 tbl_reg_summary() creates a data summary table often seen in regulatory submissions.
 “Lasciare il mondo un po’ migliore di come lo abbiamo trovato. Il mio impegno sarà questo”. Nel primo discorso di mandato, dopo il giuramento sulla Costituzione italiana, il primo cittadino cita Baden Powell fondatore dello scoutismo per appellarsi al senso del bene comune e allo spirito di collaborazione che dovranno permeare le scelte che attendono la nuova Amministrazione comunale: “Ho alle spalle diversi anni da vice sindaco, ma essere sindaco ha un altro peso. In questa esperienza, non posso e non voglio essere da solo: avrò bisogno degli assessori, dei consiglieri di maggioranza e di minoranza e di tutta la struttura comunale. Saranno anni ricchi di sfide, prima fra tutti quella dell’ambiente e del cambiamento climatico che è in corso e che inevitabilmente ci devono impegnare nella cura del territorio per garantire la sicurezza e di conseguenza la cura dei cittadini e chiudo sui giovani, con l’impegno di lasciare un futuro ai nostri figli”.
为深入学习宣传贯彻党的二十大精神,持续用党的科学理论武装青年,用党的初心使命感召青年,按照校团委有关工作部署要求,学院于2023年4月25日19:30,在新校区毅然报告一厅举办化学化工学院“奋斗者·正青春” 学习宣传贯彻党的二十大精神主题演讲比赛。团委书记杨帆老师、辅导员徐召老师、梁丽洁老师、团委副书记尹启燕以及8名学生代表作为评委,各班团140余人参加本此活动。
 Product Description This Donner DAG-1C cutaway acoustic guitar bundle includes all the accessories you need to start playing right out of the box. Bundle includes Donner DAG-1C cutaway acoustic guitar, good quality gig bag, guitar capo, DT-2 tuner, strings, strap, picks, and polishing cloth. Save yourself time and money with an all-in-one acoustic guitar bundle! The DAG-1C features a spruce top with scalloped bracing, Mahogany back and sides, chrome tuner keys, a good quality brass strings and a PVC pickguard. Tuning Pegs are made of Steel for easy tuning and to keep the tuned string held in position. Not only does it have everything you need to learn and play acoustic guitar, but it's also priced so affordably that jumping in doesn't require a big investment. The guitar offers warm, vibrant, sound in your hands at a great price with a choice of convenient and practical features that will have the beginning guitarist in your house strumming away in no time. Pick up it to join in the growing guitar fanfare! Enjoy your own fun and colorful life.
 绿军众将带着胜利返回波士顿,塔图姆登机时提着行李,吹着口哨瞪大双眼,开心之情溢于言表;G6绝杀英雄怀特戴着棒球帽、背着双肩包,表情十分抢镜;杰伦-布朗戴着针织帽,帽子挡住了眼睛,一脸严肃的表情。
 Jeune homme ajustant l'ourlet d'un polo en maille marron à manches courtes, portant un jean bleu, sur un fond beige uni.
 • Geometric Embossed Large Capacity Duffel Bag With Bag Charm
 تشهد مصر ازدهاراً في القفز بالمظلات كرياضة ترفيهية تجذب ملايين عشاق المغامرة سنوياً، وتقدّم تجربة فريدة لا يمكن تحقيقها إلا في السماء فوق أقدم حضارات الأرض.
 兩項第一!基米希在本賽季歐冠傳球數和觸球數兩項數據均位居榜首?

************

From the line containing "With Bag Charm" through the last line of the entries above, print every line exactly, including both ends, and nothing else.

| OUTPUT FOR THIS TASK |
 • Geometric Embossed Large Capacity Duffel Bag With Bag Charm
 تشهد مصر ازدهاراً في القفز بالمظلات كرياضة ترفيهية تجذب ملايين عشاق المغامرة سنوياً، وتقدّم تجربة فريدة لا يمكن تحقيقها إلا في السماء فوق أقدم حضارات الأرض.
 兩項第一!基米希在本賽季歐冠傳球數和觸球數兩項數據均位居榜首?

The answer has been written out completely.